After heaping all that praise on the powertrain, one might think “well, there’s no way the chassis can follow suit.” Understandable, but incorrect as the chassis is more than up to the task of keeping everything in check.
It starts with steering, whose reactive, surprisingly well-weighted rack points to a compact hatch that’s just a little more serious in its performance intentions. In addition to the performance, it also lends an air of solidity and quality to the car as a whole. After all: the steering wheel is the most physical connection between driver, car and road and done right, it makes a world of difference.
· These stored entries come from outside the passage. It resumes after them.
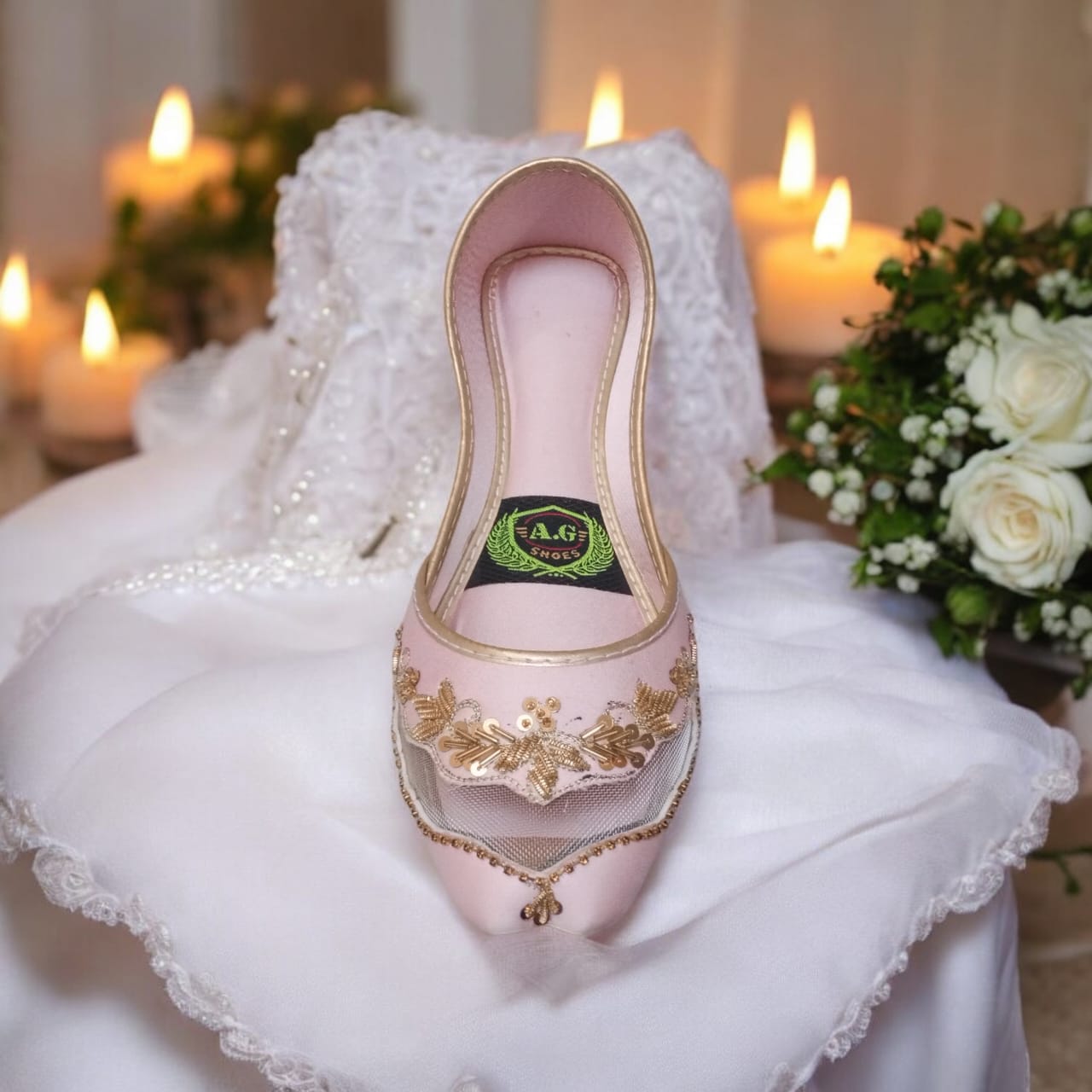 Baby Pink Net Embroidered Jutti – Handcrafted Elegance
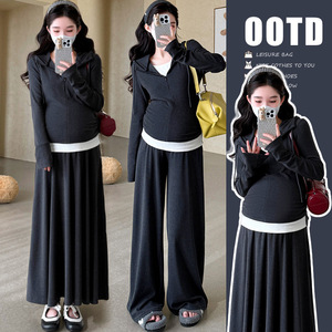 现货新品慵懒风松弛感假两件孕妇上衣+半身裙+阔腿裤孕妇套装
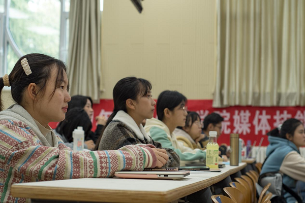 陈康莉和同学们分享了一些实用的手机和电脑剪辑软件、辅助处理软件和相关教程。在分享自身的视频剪辑经验时,陈康莉通过展示视频向同学们传授了许多剪辑技巧,同学们收获颇多。
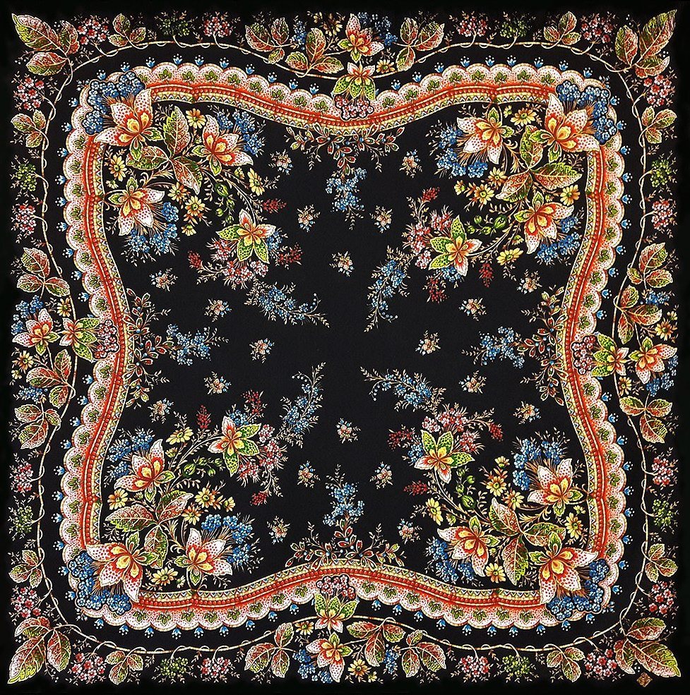 LadyWinter писал(а):mila, скажите, пожалуйста, "Павловские розы" и "Варенька" были созданы Кларой Сергеевной одними из последних? Их роскошные розы отличаются от цветов на более ранних шалях и платках. Там розы трактованы более лаконично, не так пышно, мне кажется.
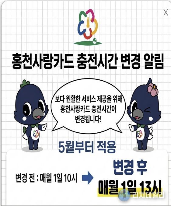 홍천군 관계자는 “충전 시간 조정은 이용자 불편을 줄이고 시스템 안정성을 높이려는 조치”라며, “앞으로도 홍천 사랑 카드를 더욱 편리하게 이용할 수 있도록 운영 관리에 힘쓰겠다”라고 말했다.
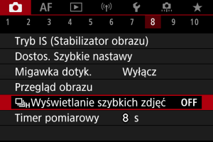 Szybkie wyświetlanie, które przełącza się między każdym ujęcie i widok live image są dostępne przy fotografowaniu w trybie wyzwalania migawki [] (szybka seria zdjęć) i tryb migawki jest inny niż migawka elektroniczna.
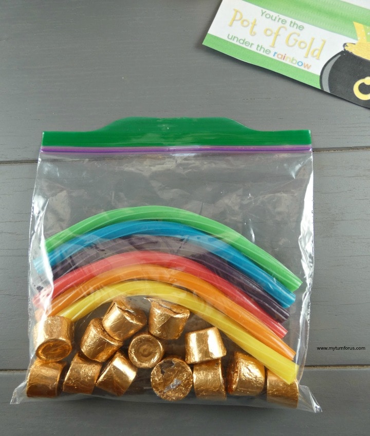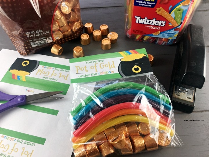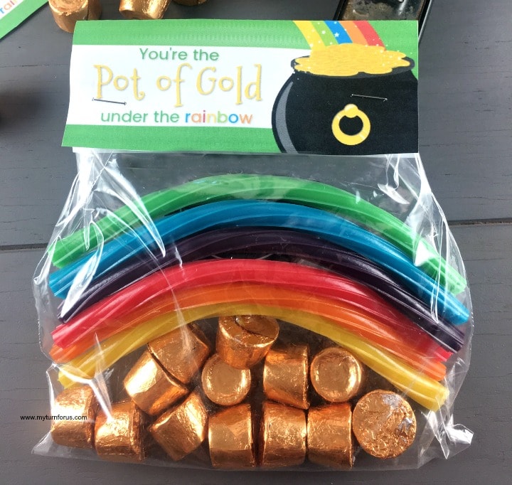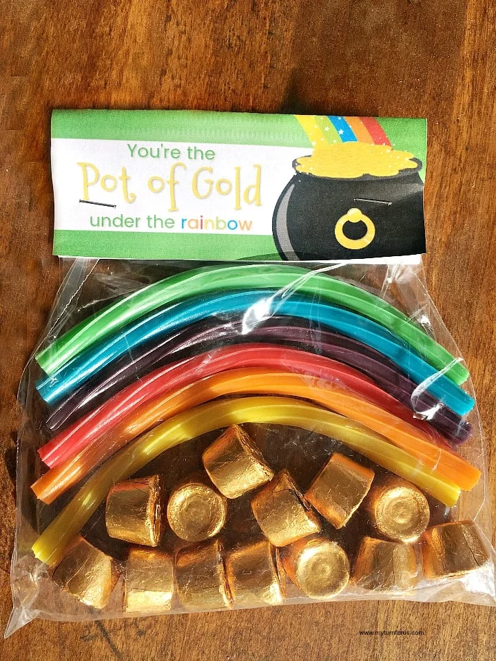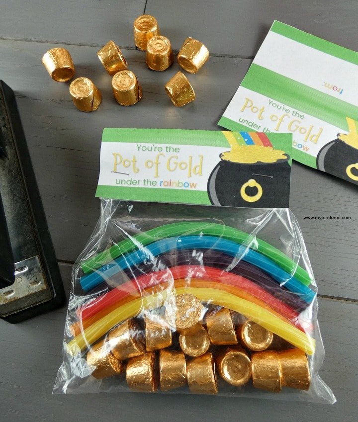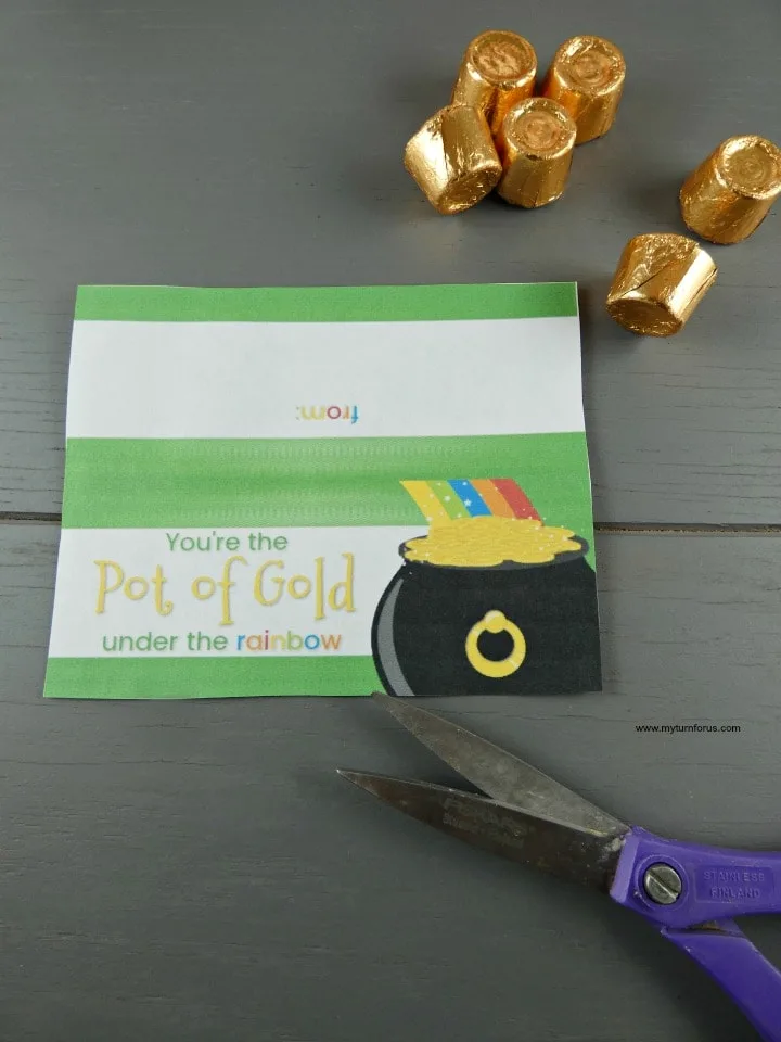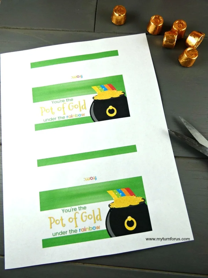 - There are two toppers on each sheet of these St Patrick’s Day Treat Bags Printables. Cut each one out with craft scissors and fold in half, so the words “You’re the Pot of Gold under the Rainbow” are on one side and “From” with the blank spot for a name on the other.

In addition to that, you want your suspension to do its best to not only provide a smooth ride, but also to meter out any shakes and rattles cause by surface imperfections below. The Corolla does this well, too, adding a thin layer of almost-luxury to the proceedings. If you start to get a little more aggressive in the corners, you will get body roll but it’s not significant to the point of being troublesome. It’s not a bonafide sports hatch à la Golf GTI or Civic Si, this, but it’s darn close and a fun take on your average daily-driver hatchback.
At $22,050 ($26,490 with the Nightshade package), it’s also an affordable take on your average daily driver hatchback. The Civic and Golf both start at more than the Corolla, while the Mazda3 Sport and Elantra GT undercut it by just a few thousand dollars. The features the Nightshade adds, meanwhile, are absolutely worth it as they make the car look great and provide interior goodies that anyone will love, especially the heated seats and wheel. The wireless charge pad is a nice cherry on top as is CarPlay and Android Auto, especially when you consider how boring-looking and somewhat slow Toyota’s native infotainment interface is. It didn’t bother me much during my time with the Corolla, though.
This is a city runabout that I’d be happy to tackle the daily grind with and can envision myself regularly looking over my shoulder after parking it, for one last glance.